As to insolubilizing agents, either formaldehyde, formaldehyde-evolving compounds, or certain heavy metal protein-chelating compounds can be used. Of these, the formaldehyde-evolving compound, methylol dimethyl hydantoin is preferred.

The heavy metal protein-chelating compounds utilizable are the salts of zinc, aluminum, titanium, zirconium, tin, magnesium, calcium, cadmium and mixtures thereof, as well as the oxides of these compounds that affect proteins to make them water-insoluble under the conditions prevailing in drying of hair. Moreover, the metal compounds may be water-soluble or water-insoluble. Specific examples are aluminum borate, formate, lactate, sulfate; zinc acetate, chloride, silico fiuoride, sulfate, sulfide, oxide; ammonium sulfate; potassium sulfate; calcium acetate, chloride; and the like titanium, zirconium, tin and cadmium compounds. However, the zinc and aluminum compounds are preferred.

The formaldehyde used may be formalin, the 37% aqueous solution of formaldehyde or formaldehyde solutions of lower concentrations. Also suitable are paraformaldehyde and formaldehyde-evolving compounds such as glyoxal, hexamethylenetetramine, hydantoin compounds, and trimethylolnitromethane.

The use of solutions of formaldehyde is most suitable when the protein and selective insolubilizin-g agent are applied to the hair in successive rather than simultaneous steps, or when the mixture comprising the protein and agent components is made just prior to application to the hair. To avoid the high volatility of such solutions where formaldehyde solutions are added directly and also to produce solutions of acceptable viscosity we prefer that formaldehyde be provided from the formaldehyde-evolving compounds noted since the reaction rate is reasonably slow in the solution step and does not go to completion until the hair-drying step is reached.

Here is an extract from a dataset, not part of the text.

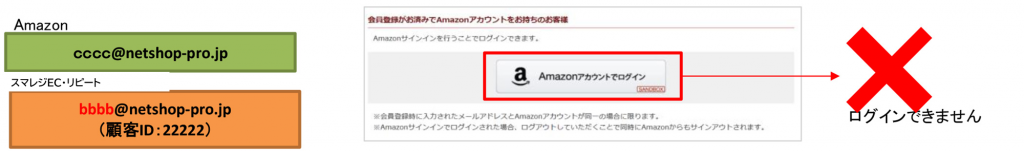 AmazonアカウントとスマレジEC・リピートの登録メールアドレスが同一の場合、

Of the formaldehyde-evolving compounds it is preferred to use the hydantoin type of formaldehyde donor, as having an acceptable degree of reactivity and giving no by-products of reaction that might interfere with the purposes of this invention. Of these, preferred is monomethylol dimethyl hydantoin (MDMH), a soluble, odorless, white crystalline solid of 18.98% combined formaldehyde which is evolved on mild heating as at temperatures prevailing in the drying of the living hair.

The preservative value of formaldehyde in protecting protein solutions from microbiological decomposition supplements its selective insolubilizing effect and is an advantage over the use of the heavy metal compounds.

Also suitable substitutes for formaldehyde are acetaldehyde, propyl aldehyde, glutaraldehyde, and furfural.

As to proportions, the amount of protein substance used in the film-forming composition will vary dependent upon the level desired for different hair characteristics. For example, bleached hair and permanently waved hair vary significantly in their behavior in setting, as does the hair of people of varying races and nationalities. However, usual practice is to apply a water or alcohol solution of about 3% to about 5% protein content. Higher protein solids concentrations, as 20% to 30%, can be prepared, but these are diluted with water or alcohol to the lower concentrations for application.

As the selective insolubilizing agents, it is preferred to use, for each 100 parts by weight protein substance, from about 3 to about 7 parts by weight of formaldehyde calculated as molecular HCHO or from about 3 to about 9 parts, but preferably not more than 5 parts, by weight of heavy metal compound, calculated as zinc ion when casein is the protein.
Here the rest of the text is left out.